Joseph y Marie Lepetitcorps no habían tenido hijos y Marie sabía que ella debía echarle la culpa, seguramente, a esa misteriosa enfermedad de la que fue víctima su marido, como se lo habían advertido. Enfermedad que no le impidió perdurar alegremente: con todas sus discapacidades, él habría llegado, sin duda, a muy viejo, si, hacia 1921, no hubiera tomado frío, una noche de borrachera, y no hubiera muerto inmediatamente. Marie se había resignado desde hacía mucho tiempo. Los acontecimientos la atravesaron sin que estuviera atenta. La propia guerra no había sido más que una época en la que las mercaderías habían aumentado de precio de manera súbita sin que se supiera muy bien por qué. De hecho, realizó bastantes buenos negocios al comienzo, principalmente con los viejos rentistas enloquecidos que querían abastecerse de azúcar. Luego, en la época de las tarjetas, hubo momentos difíciles, pues Marie Lepetitcorps no era lo suficientemente buena para el contrabando y le temía al peso de la ley. También estaban las alertas nocturnas, que le impedían dormir, las metrallas de la Bertha y los aviones. Todo eso era bastante desagradable, especialmente porque Joseph, que era de temperamento miedoso, temblaba como una hoja y pegaba grititos durante horas enteras.

Un buen día, Marie Lepetitcorps se encontró, por lo tanto, exactamente sola en el mundo: sus padres y su marido, desaparecidos; solo tenía algunos primos lejanos de los que casi había olvidado el rostro y que no le interesaba volver a ver. Su único horizonte estaba limitado por esa tienda verdosa, que ella hacía repintar del mismo color cada cinco años y cuyo olor de café, de petróleo y de galletitas viejas resumía para ella todo el universo. Se encariñó con cierta obstinación.

Ahora, se parecía completamente a su madre. Al igual que ella, vestía de negro, con esa multitud de enaguas y polleras cuya costumbre había conservado de su infancia campesina. Como ella, era a la vez ávida de ganancias e indiferente. Y, como si ella tuviera misteriosas revanchas que tomar, no sonreía casi nunca y atendía a sus clientes con una brusquedad bastante arrogante.

Sobre su rostro triste, ondulado de pequeñas arrugas, uno no notaba, en principio, nada. Era un rostro de campesina francesa, flaco y redondo, sin mucha carne, con un mentón duro y dientes feos. Pero tan pronto como uno conocía su mirada esquiva, era sorprendido por ojos sin color, extrañamente vacíos, que jamás miraban y a menudo se volvían fijos como ojos de ciego.

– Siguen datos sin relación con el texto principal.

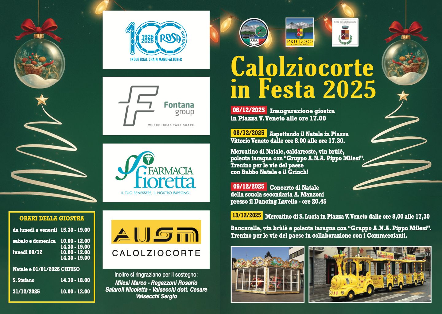 Novità di quest’anno il “Mercatino di Santa Lucia” il 13 dicembre a testimonianza delle radici bergamasca di Calolziocorte dove è sempre stata tradizione festeggiare Santa Lucia. Anche in questo caso scenderanno in campo gli Alpini di Calolzio con le loro prelibatezze e ci sarà il trenino per le vie del paese in collaborazione con i commercianti.

Los niños, sobre todo, la irritaban. Tal vez, su madre, desde la muerte de los pequeños, le había mostrado el ejemplo. Como cuando, en ocasiones, encargados de una compra por sus padres, ella los maltrataba, al menos verbalmente.

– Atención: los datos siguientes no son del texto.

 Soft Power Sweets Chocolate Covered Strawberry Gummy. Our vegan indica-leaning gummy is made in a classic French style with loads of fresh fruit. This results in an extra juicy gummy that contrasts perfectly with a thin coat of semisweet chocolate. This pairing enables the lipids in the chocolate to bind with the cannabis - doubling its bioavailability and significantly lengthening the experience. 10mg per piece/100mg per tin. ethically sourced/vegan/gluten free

—Vas a perder el dinero —decía ella—. No sabes lo que haces. Me pregunto cómo uno manda a hacer mandados a un torpe como tú.

Sin embargo, si los niños sorprendidos se ponían a llorar, se ponía nerviosa y les daba una golosina para consolarlos… Pero eso había terminado por conocerse; varios padres se habían quejado y no enviaban más a sus hijos a lo de la señora Lepetitcorps. Cuando ella se daba cuenta de esto, apretaba los delgados labios y, durante tres días, se mostraba desagradable, sin distinción de edad, con todos sus clientes.